Wacker Quarterly Profit Tops Estimates on Construction Chemicals
Wacker Chemie AG (WCH), Europe’s largest polysilicon maker, posted second-quarter profit that beat analyst estimates on higher demand for construction chemicals.
Earnings before interest, tax, depreciation and amortization in the quarter fell 22 percent from a year earlier to 188.2 million euros ($249.6 million), the Munich-based company said today in a statement. Analysts surveyed by Bloomberg had estimated Ebitda of 171.4 million euros.
The manufacturer today reiterated a full-year forecast for sales to drop about 3 percent to 4.5 billion euros and earnings to fall because of lower selling prices for solar silicon and semiconductor wafers.
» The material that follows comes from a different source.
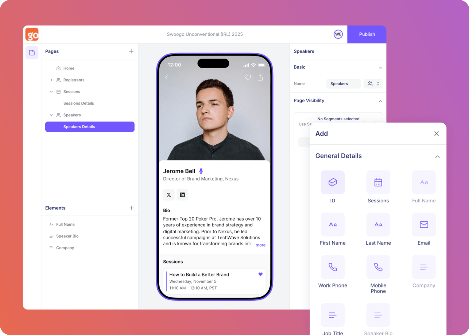Send push alerts for event-wide updates, or segment communications to specific attendees. Leverage details like registrant type, session selections, or registration responses to tailor your audience and get the message to exactly the right people at the right time.
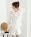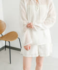 首元の紐を結んだり、垂らしたりして雰囲気を変えられるのも嬉しいポイント。

An agreement between the European Union and China on solar products could mark an upturn for photovoltaics, the company said today.
“Our chemical divisions performed well during the April-through-June period,” Chief Executive Officer Rudolf Staudigl said in the statement. “In polysilicon, low price levels and trade-policy risks remain a challenge.”
Quarterly sales declined 5.9 percent to 1.15 billion euros, missing a 1.18 billion-euro estimate. Net income plunged 75 percent to 15.1 million euros.
Wacker, whose shares fell in November to the lowest price since its 2006 IPO, has gained 40 percent this year in Frankfurt trading. The manufacturer, majority-owned by the founding family’s holding company, Dr. Alexander Wacker Familiengesellschaft mbH, has a market value of 3.6 billion euros.
Wacker’s profitability has suffered as manufacturing capacity for polysilicon exceeded demand and the company faced increased competition from low-cost Asian producers. That prompted Wacker to delay output at a new polysilicon factory in Tennessee by 18 months.
Chinese competition against European manufacturers has now been limited after negotiators last week reached an agreement to curb EU imports of solar panels from China in exchange for exempting the shipments from punitive tariffs.
The accord would set a minimum price for imports of the renewable-energy technology from China. In return, Chinese manufacturers would be spared EU levies meant to counter below-cost sales, a practice known as dumping.